La paleria della tenda era pertanto lì, sulla nuda terra, dentro un sacco di iuta grezza, adagiata a pochi metri da un mare blu cobalto. Fra le maglie del tessuto, l’ossuta ferraglia osservava mio padre con malcelato nervosismo, mentre il vecchio iniziava a dilungarsi in una sterminata sequela di possibili approcci al problema del suo montaggio e io, che come manualità son peggio di lui, iniziavo a preoccuparmi per la notte ormai incombente. Papà non lo nominò ma intuii che, in una sorta di automatismo, stava frugandosi le tasche alla ricerca del suo regolo calcolatore che, dal punto di vista pratico, sta al montaggio di una tenda come un’improvvida e triste aranciata al celestiale brasato di Carrù.
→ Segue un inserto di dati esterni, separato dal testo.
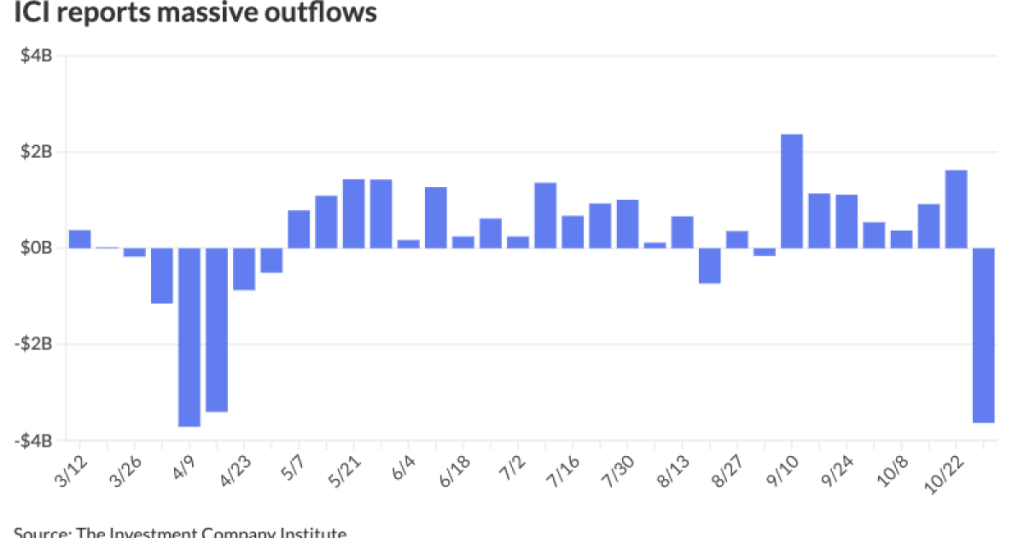 The Investment Company Institute Wednesday reported outflows of $3.634 billion for the week ending Oct. 29, following $1.594 billion of inflows the previous week. This differs from LSEG Lipper’s report of $719.9 million of inflows into mutual funds over the same time period.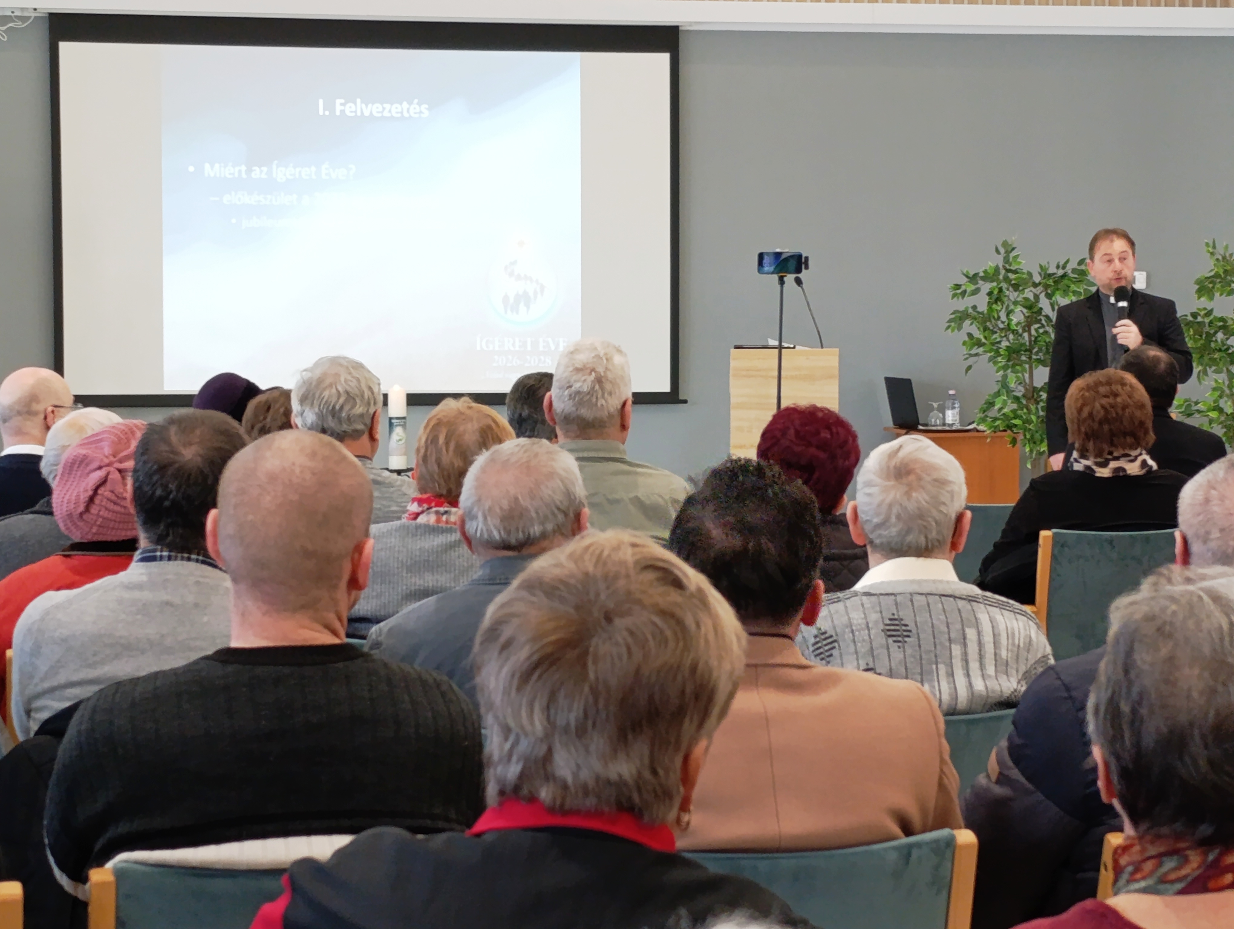 Másnap, közel nyolcvanan gyűltek össze egyháztanácsosok és lelkipásztorok, továbbá mintegy harminc érdeklődő, a szatmárnémeti Megmaradás Házában, ahol Schönberger Jenő megyéspüspök tartott előadást az „Ígéret Éve” első témájáról, melynek címe: „Ádám és Éva – az ember teremtettsége és hivatása” volt. Az előadás előtt Ft. Ilyés Csaba, általános helynök, bemutatta a résztvevőknek az egyházmegye hároméves lelkipásztori tervét.

1967, gita a Marina di Camerota


Fortuna volle che dietro le nostre spalle si fosse materializzato un angelo dalle umane fattezze. Alto, fiero, due occhi straordinariamente intelligenti, il dottor Gerolamo Chiappino era uscito da una Volkswagen color sabbia parcheggiata pochi metri più in là, anche quella, guarda caso, targata Alessandria. Trentaquattrenne medico della Clinica del Lavoro di Milano, originario di Capriata d’Orba, il nostro angelo era in grado di districarsi con eleganza dai grovigli che la vita di campeggio propone con continuità. Ci montò la tenda, insegnò a mia madre a mantenere fresche le ghirbe dell’acqua, a porre il burro sottoterra per conservarlo al meglio e, insomma, ci ricoprì di tutte quelle attenzioni necessarie al raggiungimento di un dignitoso standard di vita all’aria aperta.

Un testo del professor Gerolamo Chiappino


Seppi dopo anni che il suo curriculum professionale si era arricchito al punto di ricoprire il prestigioso incarico di Direttore del Clinica del Lavoro di Milano e in quei giorni, lo confesso, la sua gioiosa e forte compagnia mi affascinò a tal punto da farmi desiderare una laurea in medicina.
L’ho ritrovato solo qualche anno fa, grazie a Facebook, ormai ottantenne, in una casetta fra le alpi bergamasche, piazzata all’ombra di un fitto bosco. Non gliene fregava più nulla della Medicina, dell’università e della città di Milano. Aveva con sé la moglie, gli uccellini, l’orto e migliaia di piante da curare. L’impianto elettrico e l’acquedotto se li era costruiti da solo e sorridendo mi disse che lui, in bagno, aveva il privilegio di farsi la doccia con l’acqua minerale delle fonti San Pellegrino.
È mancato all’improvviso due anni fa, appisolato su di una sedia davanti a casa, sotto il cielo della Val Brembana, portandosi via con sé un pezzo di quelle mie splendide e indimenticabili vacanze a Palinuro.

Il professor Gerolamo Chiappino e Cesare Lera in val Serina, 48 anni più tardi

Riccardo Lera

"Io nella vita ho fatto tutto, o meglio un poco di tutto" (Uomo e galantuomo di Eduardo De Filippo) Pediatra, scrittore per diletto, dal 2002 al 2012 assessore alla cultura di Serravalle Scrivia; ex scadente giocatore, poi allenatore e ora presidente del Basket Club Serravalle.